Methodologies for Complex Reliability Analysis, 18-9240Printer Friendly Version
Inclusive Dates: 01/08/01 - 06/20/01
Background - Numerical simulation is now routinely used to predict the behavior and response of complex systems as a means of reducing testing. Because structural performance is directly affected by uncertainties associated with models, physical parameters, and loadings, the development and application of probabilistic analysis methods suitable for use with complex numerical models are needed. The cornerstone of efficient probabilistic analysis methods is locating the most probable point (MPP) with minimal function evaluations. Many optimization algorithms are available for locating the MPP including some developed specifically for probabilistic analysis such as the Rackwitz-Feissler (RF) algorithm. However, locating the MPP may be difficult or impossible in certain situations, and no optimization algorithm is guaranteed to converge due to such factors as highly nonlinear or discontinuous response functions or multiple MPPs. The difficulty in assuring a correct solution is a recurring discussion in the probabilistic mechanics community and is viewed as requiring experts in the field to perform the analysis. Therefore, improved MPP search algorithms and error detection techniques are required for this technology to be accepted in the engineering community.

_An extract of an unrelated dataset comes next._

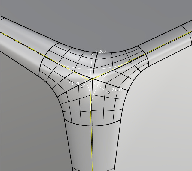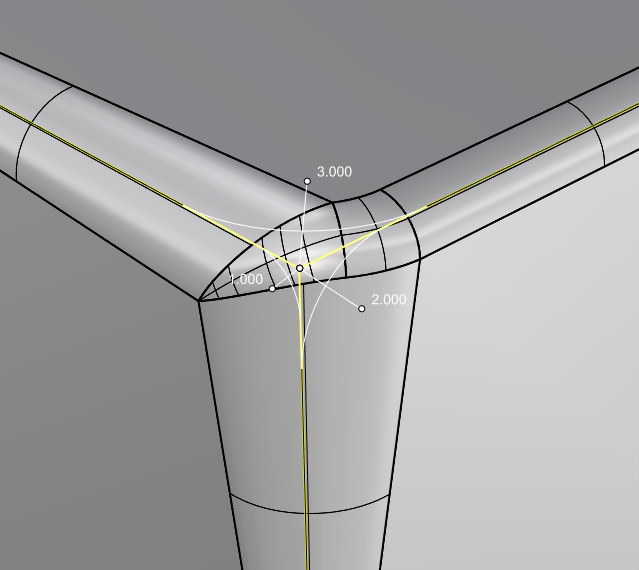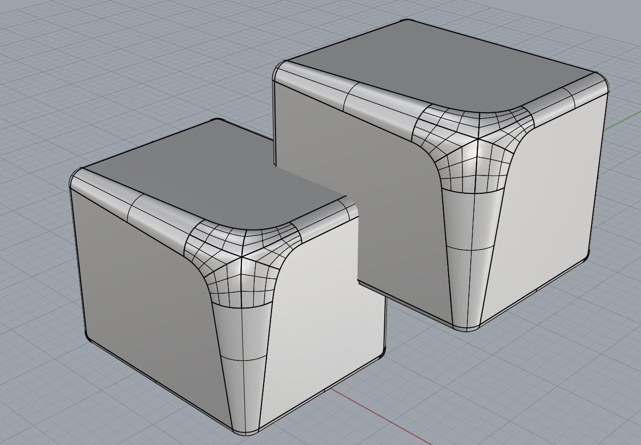 V příkazu ZaoblitHrany je nyní nově dostupná volba Setback=Yes/no, která, je-li aktivní, vytvoří "kufrový roh", viz následující obrázek. V Rhinu tato volba byla dostupná pouze u zaoblení plynulým přechodem, v Rhinu 9 je k dispozici i u klasického obloukového zaoblení.
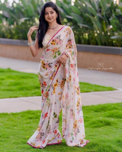 New white color flower Design pure soft Georgette silk with beautiful digital flowers print saree design in All over the body with beautiful lace border withTrendy and grand Beautiful pallu. With Beautiful running Blouse piece with beautiful lace border*

Approach - The approach for this effort was to determine the root cause of failure for traditional probabilistic analysis methods when solving a suite of benchmark test problems proposed by the Society of Automotive Engineers (SAE) G-11 Probabilistic Methods Committee and identify algorithms and analysis procedures that can correctly solve these problems.
Accomplishments - A tool was developed to visualize the limit state in the transformed space to reveal the nonlinearity and possible existence of multiple MPPs. The visualization tool identified the cause of failure for the SAE test cases and led to the implementation of several improved MPP convergence checks to indicate nonconvergence. Several robust optimization algorithms were implemented to locate the MPP if and when the RF method failed. These methods were able to solve all the SAE test cases except for those containing multiple MPPs. A sampling-based procedure was developed to approximate the MPPs when all other optimization approaches failed. The proposed sampling approach avoids many of the problems encountered by optimization methods, is able to identify multiple MPPs, and is very fast since the sampling operates on an approximate analytical function. Finally, a system reliability approach was applied to compute the probability of failure for cases with multiple MPPs.